Task brief → Copying rule for the data below: pictures stay out, and only the lines from the one with "Витебская и Татьяничевой." down to the one with "Почти вышел из", inclusive, are repeated exactly.

Data excerpts →

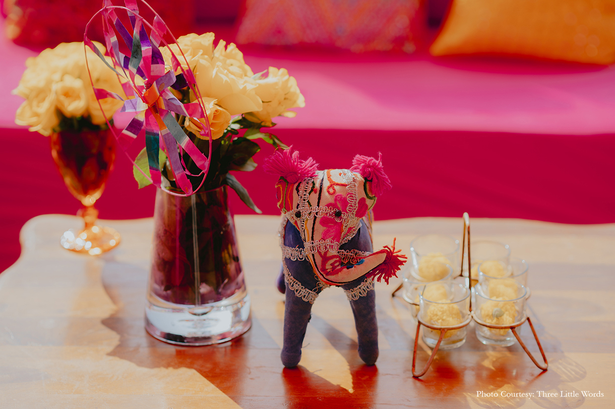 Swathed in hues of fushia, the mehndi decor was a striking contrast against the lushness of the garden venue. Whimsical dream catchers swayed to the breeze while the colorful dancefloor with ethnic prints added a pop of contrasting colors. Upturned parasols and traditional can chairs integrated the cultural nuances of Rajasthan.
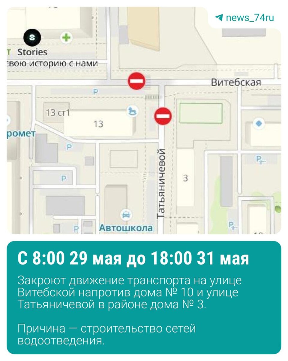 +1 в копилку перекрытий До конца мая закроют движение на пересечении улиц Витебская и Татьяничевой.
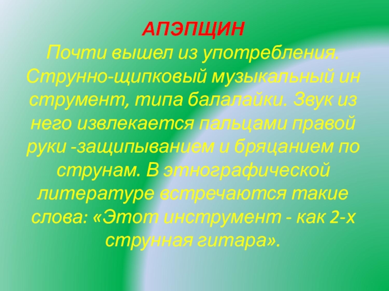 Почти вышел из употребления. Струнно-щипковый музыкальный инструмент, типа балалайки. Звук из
--
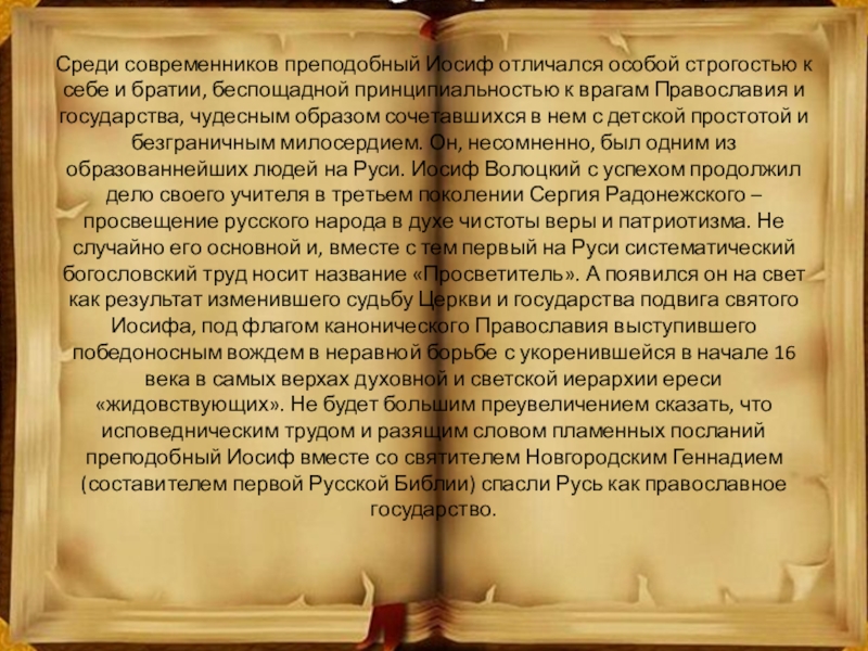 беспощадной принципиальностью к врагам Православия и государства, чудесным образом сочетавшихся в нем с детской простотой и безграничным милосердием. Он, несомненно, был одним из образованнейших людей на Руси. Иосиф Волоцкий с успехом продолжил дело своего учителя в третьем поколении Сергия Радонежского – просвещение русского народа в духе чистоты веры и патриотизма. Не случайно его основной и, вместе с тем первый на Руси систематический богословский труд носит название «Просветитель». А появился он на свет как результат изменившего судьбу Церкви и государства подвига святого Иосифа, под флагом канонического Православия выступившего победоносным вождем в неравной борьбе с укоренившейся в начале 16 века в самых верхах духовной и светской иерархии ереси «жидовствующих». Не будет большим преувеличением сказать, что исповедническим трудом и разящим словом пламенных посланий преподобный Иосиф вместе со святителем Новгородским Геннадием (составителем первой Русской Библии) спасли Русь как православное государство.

Written answer →
 +1 в копилку перекрытий До конца мая закроют движение на пересечении улиц Витебская и Татьяничевой.
 Почти вышел из употребления. Струнно-щипковый музыкальный инструмент, типа балалайки. Звук из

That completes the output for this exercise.